Why do I like Perdido Street Station? Because it is a strikingly imaginative and original book. A lot of times when you pick up fantasy themed steam punk novels (or steam punk themed fantasy for that matter) what you get is Victorian era London with some wizards, Dwarves and Elves forcefully squeezed into the setting. But Miéville’s setting is fresh, and unconventional. He could have easily build the backdrop for his story using the same, tired Fantasy/Steam Punk writers handbook everyone else seems to be using, but he decided not to. He did the opposite: he went out of his way to make his setting to be different.
For one, his New Crobuzon city is not London and does not really resemble it in any way shape or form. It is a sprawling, totalitarian city state existing in a bizarre fantastic world very much unlike Victorian England. The interesting point is that the novel is as much about the city itself as about the characters who inhabit it. Unlike many authors who treat their locations as merely backdrops for their stories, Miéville makes his fictional city one of the main characters. It is a living, breathing place with specific geography, unique architecture, it’s own micro climate and breeds of pests and rodents.
I’m not sure if you have traveled to many big cities – I don’t travel often, but I grew up in one. Each city I ever have visited had a different vibe to it – a specific feel and character. It was something that hangs in the air and permanganate everything. It’s the mixing of the slums culture, the exotic flavors of the foreign quarters and bazaars, the haughty air of the high end boroughs, the ever-present dirt, the smog, the smells, the bird shit on the statures – all of that mixing together to form a flavor specific to that one city. Miéville’s absolutely captures that in his prose. His description of the city’s architectural mess, and it’s people manages to convey this feeling quite clearly. New Corbuzon feels like a real place, while at the same time being outlandish, exotic and fantastic.
Second, while the city is inhabited by many fantastic inhuman races, Miéville avoids the standard Tolkienesque bestiary. You won’t find Elves or Dwarves in New Corbuzon and I’m thankful for that. Not that I have any problem with these standard Fantasy races – they are great for stuff like D&D where they provide you with pre-made character archetypes. But in literature, this often becomes a crutch. When you see the word Dwarf on the page, you already know everything there is to know about this particular character. You know he wears a beard, you know he is probably either a warrior or a smith, you know he loves beer and loud drunken singalong, you know that his favorite weapon is an axe or a hammer, you know he dislikes Elves and hates Orks, you know he is probably honorable and trustworthy fellow, you imagine him having a Scottish accent… The writer does not even have to say one word beyond “Dwarf” and you already will have a firm grasp at who the character is, where is he coming from, his aspirations, morals and etc.. At that point he either has to subvert this archetype, or reinforce it… Either way this is not the best way to create subtly nuanced characters.
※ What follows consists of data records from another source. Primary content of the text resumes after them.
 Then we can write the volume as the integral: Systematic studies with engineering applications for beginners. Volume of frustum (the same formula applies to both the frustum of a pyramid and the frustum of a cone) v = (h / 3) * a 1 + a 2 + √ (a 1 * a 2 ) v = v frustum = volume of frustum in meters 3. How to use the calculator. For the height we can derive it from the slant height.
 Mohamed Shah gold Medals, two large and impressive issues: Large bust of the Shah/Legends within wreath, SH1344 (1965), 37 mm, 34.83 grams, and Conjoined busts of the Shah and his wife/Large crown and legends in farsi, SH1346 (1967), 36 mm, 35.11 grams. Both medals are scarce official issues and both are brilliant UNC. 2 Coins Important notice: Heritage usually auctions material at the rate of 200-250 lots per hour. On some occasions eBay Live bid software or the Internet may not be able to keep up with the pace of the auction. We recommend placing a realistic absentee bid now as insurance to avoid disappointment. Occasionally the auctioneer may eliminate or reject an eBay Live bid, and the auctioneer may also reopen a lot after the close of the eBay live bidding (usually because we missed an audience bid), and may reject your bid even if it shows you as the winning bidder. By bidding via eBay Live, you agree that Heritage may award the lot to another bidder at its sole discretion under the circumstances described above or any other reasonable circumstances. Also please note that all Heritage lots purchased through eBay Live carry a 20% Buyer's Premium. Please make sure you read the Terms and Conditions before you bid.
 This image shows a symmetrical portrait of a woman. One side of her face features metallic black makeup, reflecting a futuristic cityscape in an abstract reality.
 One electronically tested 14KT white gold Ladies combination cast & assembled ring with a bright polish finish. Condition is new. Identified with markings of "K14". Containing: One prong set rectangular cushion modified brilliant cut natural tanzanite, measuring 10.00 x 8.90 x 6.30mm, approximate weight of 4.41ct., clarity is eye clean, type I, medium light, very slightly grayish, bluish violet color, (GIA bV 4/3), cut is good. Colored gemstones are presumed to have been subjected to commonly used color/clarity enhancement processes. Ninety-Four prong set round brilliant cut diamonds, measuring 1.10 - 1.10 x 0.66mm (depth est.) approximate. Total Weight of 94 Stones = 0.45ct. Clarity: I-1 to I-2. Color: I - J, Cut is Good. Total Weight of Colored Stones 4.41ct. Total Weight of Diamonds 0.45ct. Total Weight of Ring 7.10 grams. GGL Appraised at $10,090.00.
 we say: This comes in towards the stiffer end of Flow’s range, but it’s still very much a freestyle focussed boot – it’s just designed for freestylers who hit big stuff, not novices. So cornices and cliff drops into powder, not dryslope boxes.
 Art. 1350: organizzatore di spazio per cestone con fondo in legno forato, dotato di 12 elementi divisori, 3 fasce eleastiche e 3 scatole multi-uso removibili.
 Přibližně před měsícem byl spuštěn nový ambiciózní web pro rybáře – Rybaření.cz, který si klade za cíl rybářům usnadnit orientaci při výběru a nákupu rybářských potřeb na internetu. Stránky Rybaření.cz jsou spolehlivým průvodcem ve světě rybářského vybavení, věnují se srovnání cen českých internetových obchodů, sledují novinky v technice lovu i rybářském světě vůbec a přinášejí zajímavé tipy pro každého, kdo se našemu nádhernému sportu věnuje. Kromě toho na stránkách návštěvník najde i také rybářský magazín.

Miéville went back to the drawing board and built his fantasy races based on an entirely different set of mythical beasts. He built his insect headed Khepri based on an especially funky member of Egyptian pantheon, his frog-like Vodyanoi on eastern European mythology, his flying Garuda on Indonesian folklore, and his Cactus people on… Fuck… I don’t know – cartoons of cacti with faces I guess.
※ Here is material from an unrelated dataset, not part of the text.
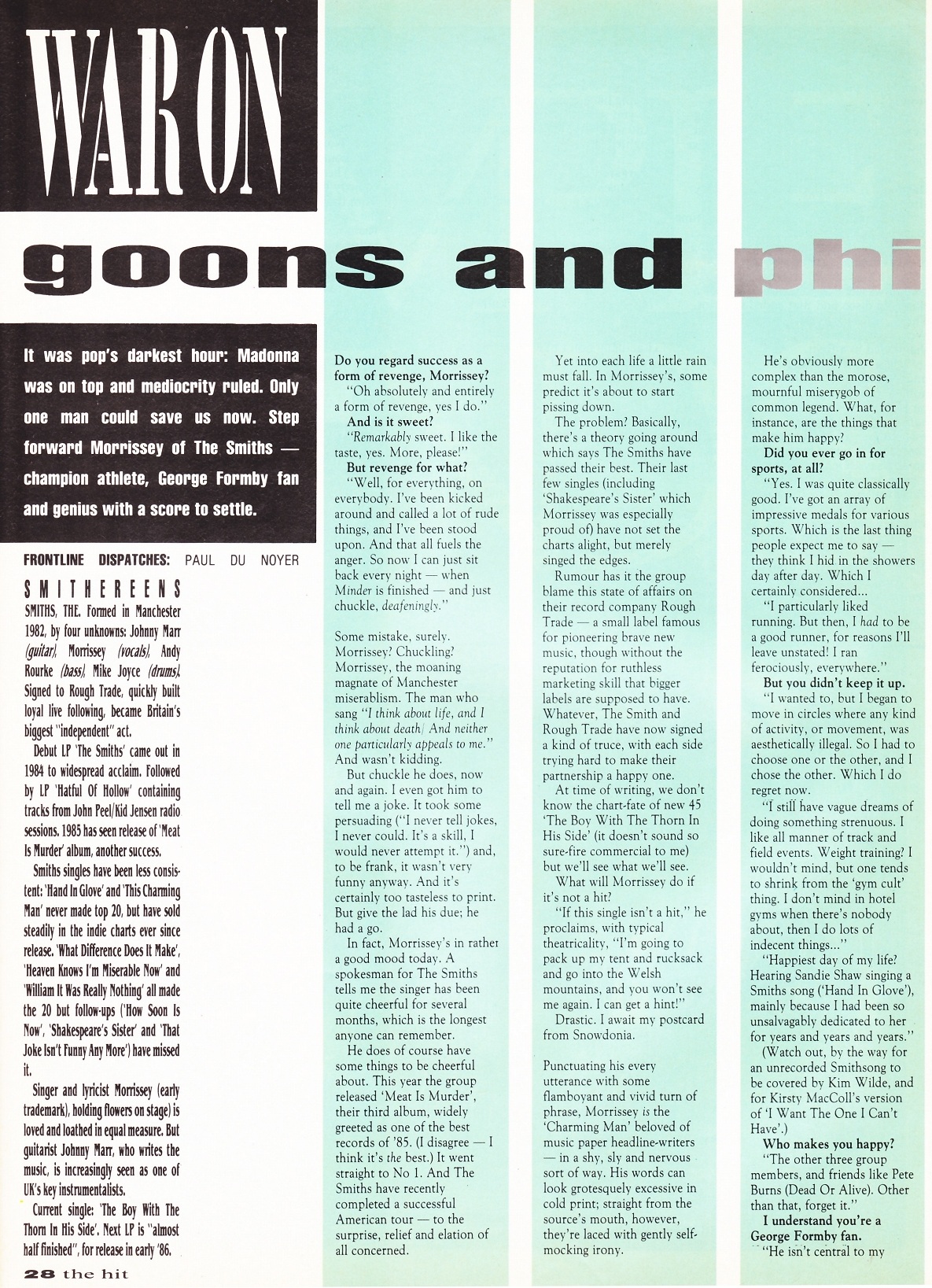 The Hit – October 1985 Posted byNick StuckenborgFebruary 15, 2020May 17, 2020Posted inThe HitTags:1985, interview, Smiths, Smiths 1985, The Hit Share this: Click to share on X (Opens in new window) X Click to share on Facebook (Opens in new window) Facebook Like Loading... Related Published by Nick Stuckenborg Archivist. Cinematographer. View more posts
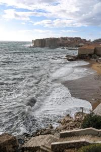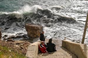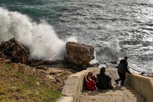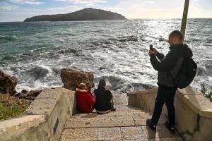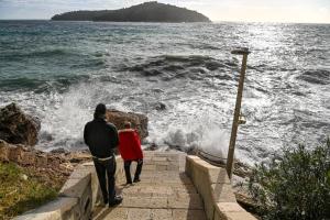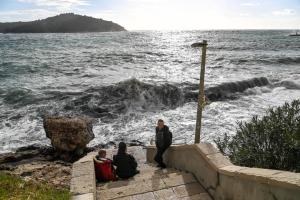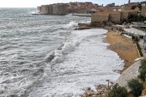 Dubrovnik, 02.01.2026 - Snazno jugo podiglo velike valove na plazi Banje i pod zidinama

The point is that these original races are blank slates without any cognitive baggage. They can be described as real people rather than single minded stereotypes. And that’s exactly what Miéville does. He takes a great care not to pigeon-hole his newly created fantastic races. He writes about their culture, their religion and customs but he never tries to define their personalities based on the race.
He lets them define themselves through their actions, the things they say and glimpses at their internal monologues. His characters are interesting and dynamic. They change, they suffer, they overcome adversity – they drive the plot forward rather than being driven by it. They are far from being some cardboard cut-out action hero stand-ins you often see in fantasy. They are not defined by their profession or archetype – they define it.
If you happen to be a fan of Steam Punk, you will likely enjoy this book very much. If not, you still can safely check it out just to see what can be done with this genre. It is thought out, very well written and original novel. It’s definitely worth checking out.